My mother’s generation trained in diploma programs run by hospitals.
Students worked the floors. She called it slave labor. A lot of diploma-era nurses say the same thing. Whatever the problems with that model, those programs produced nurses who could function independently from day one. They’d spent years doing the actual work under supervision. Competence wasn’t the issue.
Then higher education took over. The promise was a stronger science foundation, better critical thinking, better nurses. For a while, it delivered.
Linda Aiken and Sean Clarke published research in the early 2000s showing that care provided by BSN-prepared nurses is safer. That research shaped policy. It changed hiring practices across the country. It became an article of faith in the profession.
That study is more than 20 years old now.
What’s Changed Since Then
In the two decades since that research was published, we’ve produced an entire generation of nurses whose clinical training has been largely observational. The science foundation may be stronger. The hands-on time is not.
Nurses are leaving the profession in large numbers before they ever reach the competent level, let alone expert. The reasons are complex: pay, staffing ratios, burnout, moral injury. But one thread that runs through the accounts of nurses who leave early is the feeling of not being prepared. Of entering practice and discovering that the gap between what training produced and what the job requires was larger than anyone told them.
I wonder whether the Aiken and Clarke findings could be replicated today with the same results. Maybe. But the clinical training environment that those BSN-prepared nurses came through in 2001 is not the clinical training environment that nurses come through now. Simulation hours have replaced some bedside hours. Observation has replaced some active participation. The curriculum is nominally stronger. The practice is thinner.
Hospitals Are Noticing
The brief tenure of new graduate nurses means health systems have a supply problem. BSN programs aren’t filling the need. So what are the larger health systems doing?
Creating their own nursing schools. Again.

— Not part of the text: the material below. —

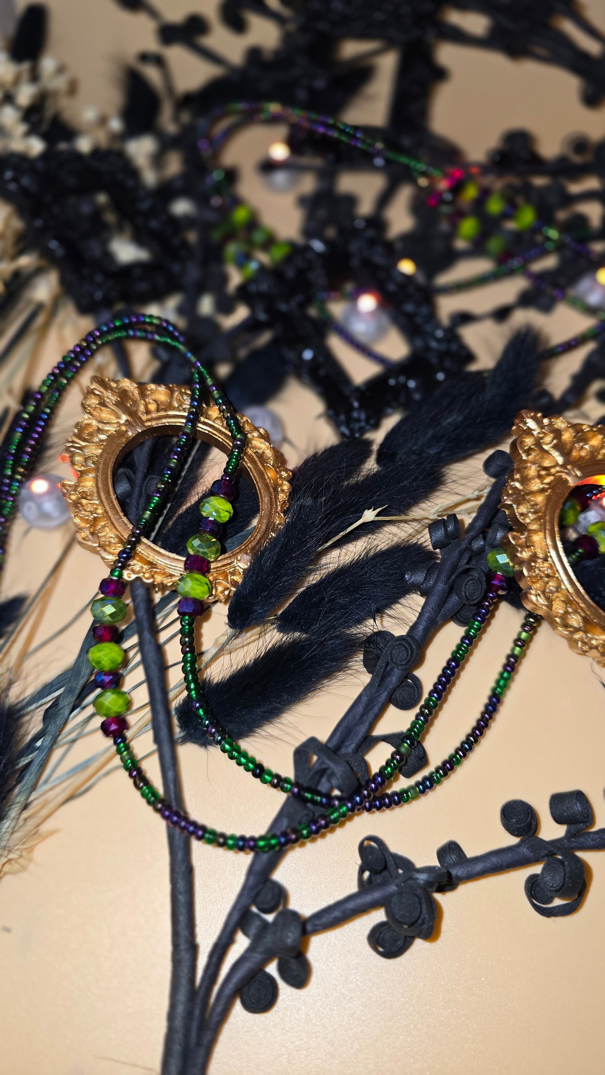Enchanted Eclipse captures the shimmer of moonlight meeting dark magic — an ethereal waistbead crafted with luminous green and iridescent purple beads that shift with every movement. Each strand embodies the balance between light and shadow, beauty and mystery.

Think about that for a moment. We spent decades moving nursing education out of hospitals and into universities. We made arguments about academic rigor, research infrastructure, professional identity. We said university-based education would produce better nurses. The research supported it.

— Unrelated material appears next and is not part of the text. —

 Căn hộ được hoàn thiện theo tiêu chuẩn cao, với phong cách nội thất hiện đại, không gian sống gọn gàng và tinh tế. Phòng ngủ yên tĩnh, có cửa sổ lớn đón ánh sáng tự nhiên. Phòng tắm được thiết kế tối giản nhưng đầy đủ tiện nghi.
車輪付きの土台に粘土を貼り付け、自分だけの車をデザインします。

Now the hospitals are rebuilding nursing schools because the university pipeline isn’t producing nurses who can do the job. Not everywhere. Not uniformly. But it’s happening, and it’s not happening because hospital administrators are nostalgic for the diploma era.
The Question Worth Asking
Could it be that universities have made nursing degrees unaffordable for the people willing to do the work? A nurse graduating from a four-year BSN program today carries more debt relative to their earning potential than at any point in history. The cost went up. The clinical training got thinner. At some point, that math stops working for the people who would have been excellent nurses if the barrier to entry hadn’t been set so high.

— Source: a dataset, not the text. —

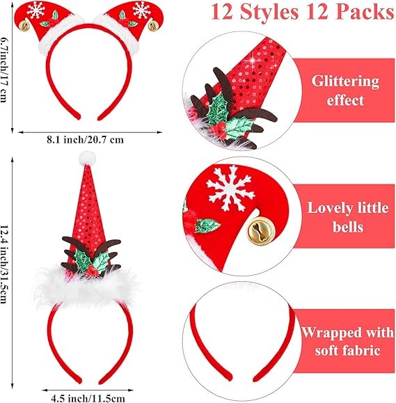 What you will receive: you will get 12 pieces of cute Christmas headbands, including styles of Christmas hat, Christmas tree, gift box, reindeer, bow, antler, etc.; various styles with rich colors can meet your needs for decoration Superb material: our assorted Christmas headboopers are made of durable plastic and comfortable fabric, which are high-quality; they are with elasticity and you will feel comfortable when wearing, suitable for most people to wear Faddish design: our Xmas headbands are exquisite and stylish in shape plus classic Christams elements; you can wear them alone or use them to match other Christmas costumes; you will be cute and stand out from the crowd when you are wearing them

I’m not arguing for going back to diploma programs. That era had real problems, and nostalgia doesn’t survive close examination of what those programs actually looked like for the students in them.
But I am arguing that the system is going back on its own, whether nursing education as a profession gets ahead of it or not. Hospitals are making a calculation. They need nurses who can function. They’re concluding that building the pipeline themselves produces that faster than waiting for the university system to fix itself.
The question is whether academic nursing education responds to that signal by examining what’s actually happening to clinical competency in its graduates, or whether it defends the current model because the current model has a lot of institutional investment behind it.
The diploma era ended not because it was failing to produce competent nurses. It ended because someone made a compelling argument that university-based education would produce better ones.
That argument has to keep being true to keep winning. Right now, the evidence is genuinely mixed.